Выводят вместе. Вместе отправляют в баню и, наконец, в церковь на пересылку. Попадаем в камеру № 11. Начинаем отходить. Напряженность отпускает. Начинаем верить в чудо, в особую милость палачей СССР, надеяться на то, что они нам вместе дадут провести «срок наказания».
Велико было наше изумление, когда мы в камере встретились с атаманом Терского войска, генералом Вдовенко. Для нас он был воскресшим из мертвых, правда ненадолго. Мы слышали, что после занятия Белграда большевиками, Вдовенко якобы казнили через повешение там же, в Белграде. Бедняга одряхлел и был смертельно болен.

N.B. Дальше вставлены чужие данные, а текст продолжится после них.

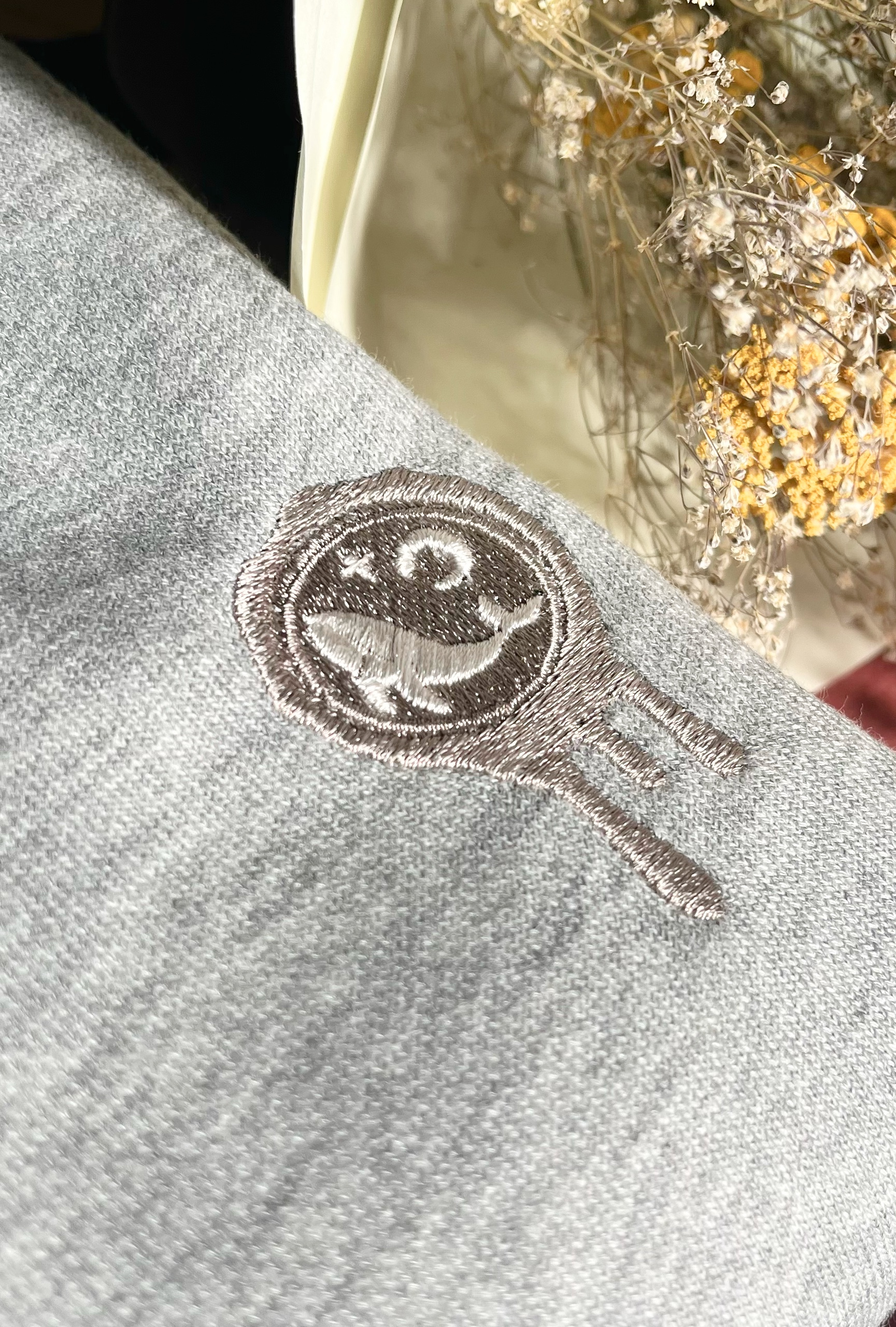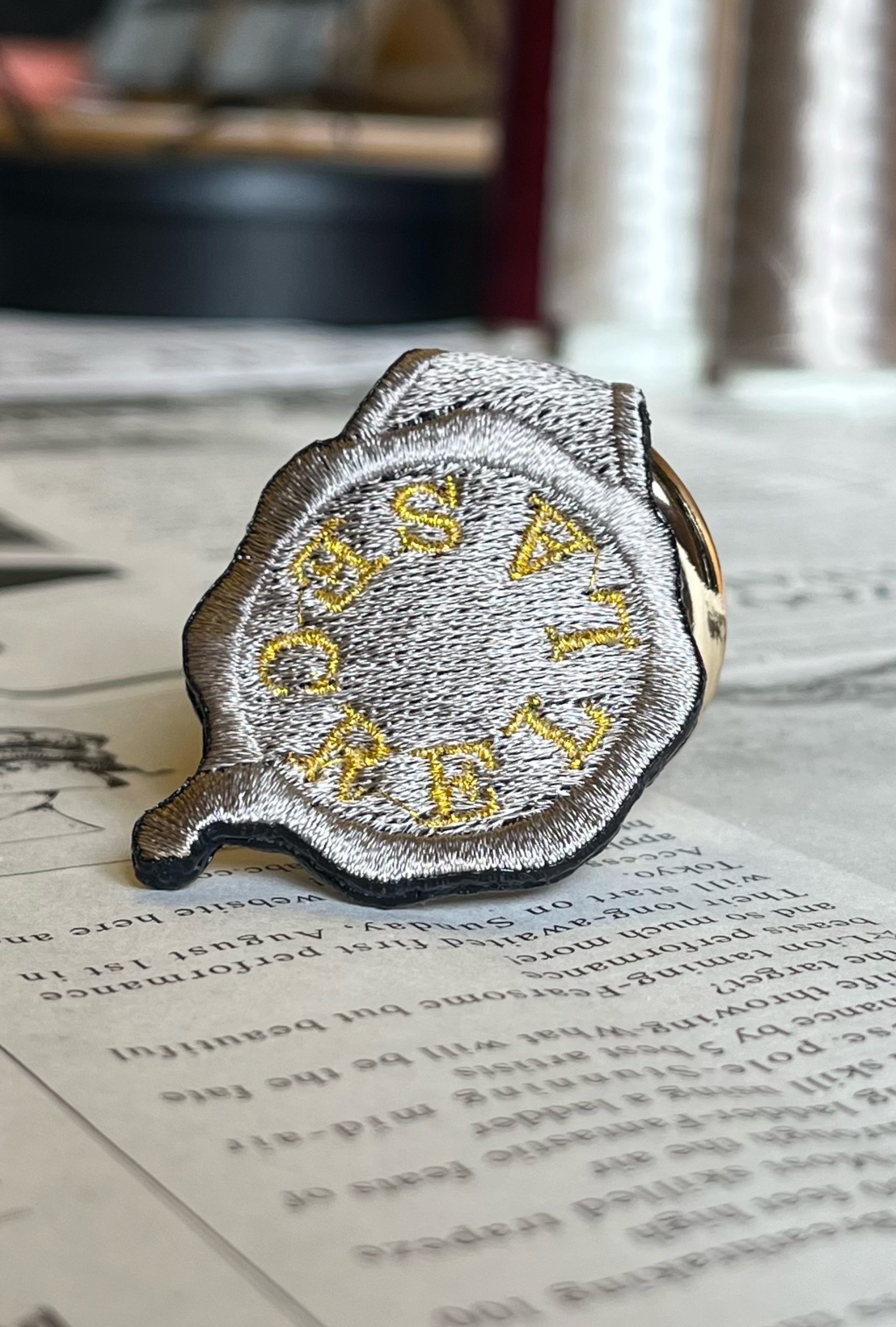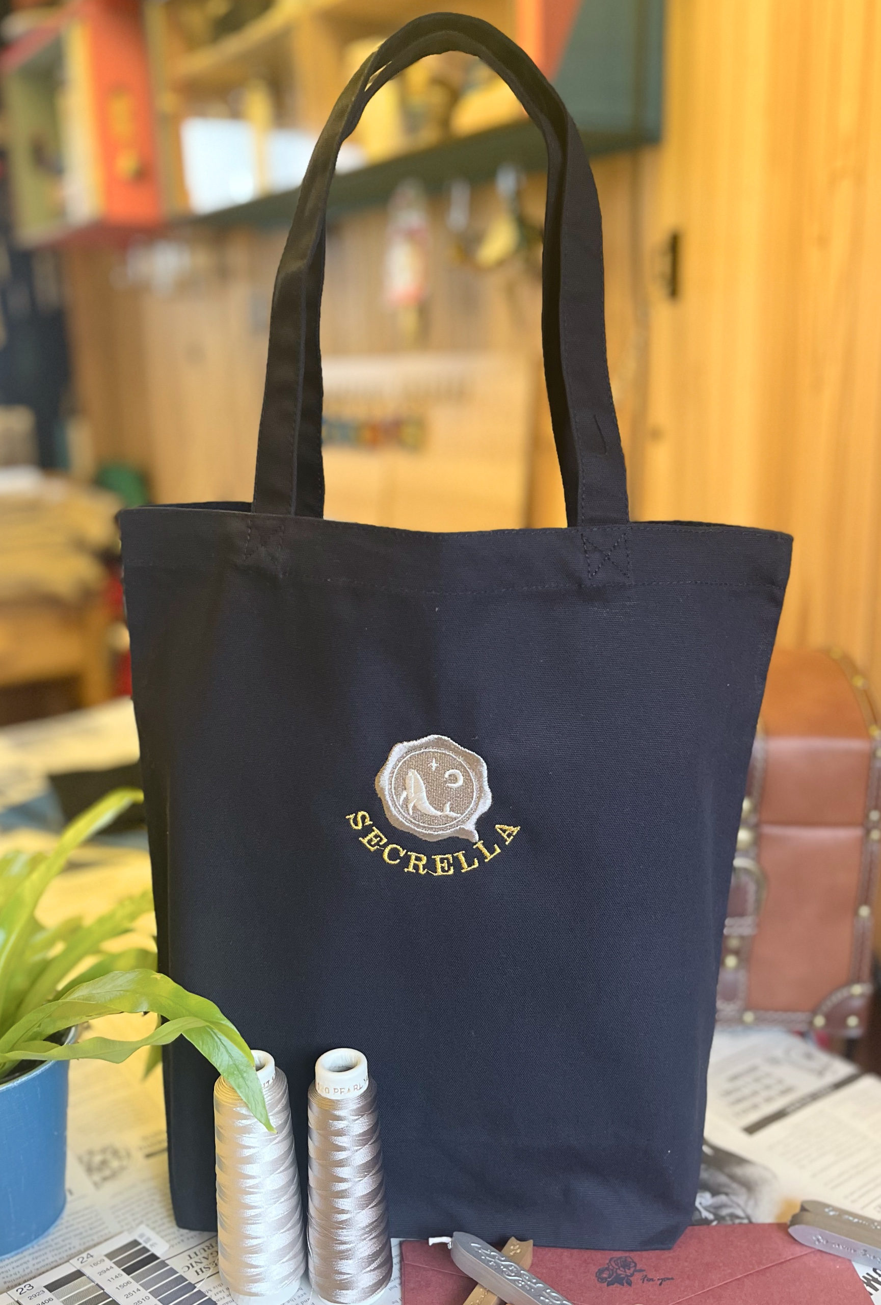 シーリングスタンプを刺繍でデザインしたスウェット・刺繍リング・トートバッグです。

Опять день за днем, но теперь мы цеплялись за них и с ужасом следили за их сменой. Так было хорошо вдвоем. Пусть деревянные нары без матрасов и подушек. Пусть голодно и холодно, но мы просто упивались нашей близостью, нашими разговорами.
Вероятно, атмосфера благоприятно действовала на душу людей. Все то, что мы говорили в те дни с удивительной легкостью, но бережно и вдумчиво в обычное время трудно было бы сказать на духу, на исповеди.
Никогда мы не были так близки, так родственны и так откровенны, как в этой бывшей церкви, переделанной под пересылку.
— Почему мне так легко говорить, папа? Почему я никогда раньше не был так искренен с тобой?
Отец ласково смотрел на меня, поглаживал меня по плечу.
— Это так понятно, Николай. Страдания сравняли нас. Утоптали разницу в летах. Сблизили. Раньше ты был ребенком и по-ребячьи побаивался родителей. Став подростком и юношей, ты прошел, а вместе с тобой и мы с матерью, через всем знакомый период «отцы и дети». Потом стал сам человеком и жил своей жизнью. В те времена трудно было перекинуть мостик через естественные, не всегда глубокие овраги. Теперь мы оба стоим перед неизвестностью. Если жизнь, так как долго? Если смерть — то когда и где? Мы — обреченные. И нам поэтому легче говорить по душам. Исчез ложный стыд, ложное самолюбие.
Затем, сын, что бы ни делали большевики из этого помещения — оно остается храмом Божиим, церковью. Тут был алтарь, на котором лежал Святой Антиминс. Тут совершались службы. Тут столетиями теплились свечи, зажженные руками грешников, возносили свои молитвы раскаявшиеся преступники, невинно осужденные, смертники, как мы. Я верю, что все эти молитвы создали особое духовно-возвышенное настроение, и его не могут уничтожить все бесчинства святотатцев, все злодеяния богоборцев.
Так говорил, так думал, так чувствовал мои отец.
Он погиб, как жертва красных палачей, истощенный, обессиленный в 1947 году. Царствие ему Небесное. Он был прямым, честным и смелым человеком. Если он делал ошибки, Господь Бог ему их простит за его смирение, терпение и христианское прощение всем обидевшим его. За Лубянку и лагерное горение он действительно заслужил вечный покой и вечную память.
Его отцовская любовь, которой я как-то раньше не замечал, считая все вполне естественным, принимая все, как должное, встала во всем своем величии в моих глазах в те дни, в пересылке.
Не могу забыть его заботы обо мне, проводимые с наивными, плохо скрытыми хитростями. Он знал, что 10 лет ему не протянуть, что он не выдержит давления лагерной атмосферы, и делал всю свою ставку на меня. Мы оба были голодны. Мы не могли не чувствовать сосущей боли в желудке. Паек пересыльных был еще более изнуряющим. И вот мой папка, мой дорогой осунувшийся, поседевший папка, припрятывал от своей «пайки» отломанный кусок граммов в 100–150, и затем вечером, как бы случайно натолкнувшись на этот ломоть, завернутый в его полотенце, делал изумленные глаза и говорил:
— А это откуда? Ах (как бы припоминая) это со вчерашнего дня осталось, не доел. Не хотелось. Не хочешь ли, Колюнок, закусить немножко? Мне ненужно.
Святая ложь любящею отца! Вспоминая о ней, я и сегодня не могу сдержать слезы благодарности. За все время пребывания вместе, мы делили все пополам, и часто, наивно, как в детской игре, отец старался отвлечь мое внимание в сторону, для того, чтобы «незаметно» подсунуть лишний кусочек, насыпать больше сахару или пропустить очередь захватывания супа ложкой из нашей общей миски.
К этой же хитрости прибегал и я точно так же отвлекая его внимание глупостью, вроде — «Смотри, папа, муха летит» — подталкивал к нему кусочки и насыпал сахар.
Все лишения сказывались на мне менее заметно, а папа таял не по дням, а по часам. С ужасом я замечал его прозрачную бледность, физическую вялость, частые головокружения, которые он тщательно старался скрыть от меня.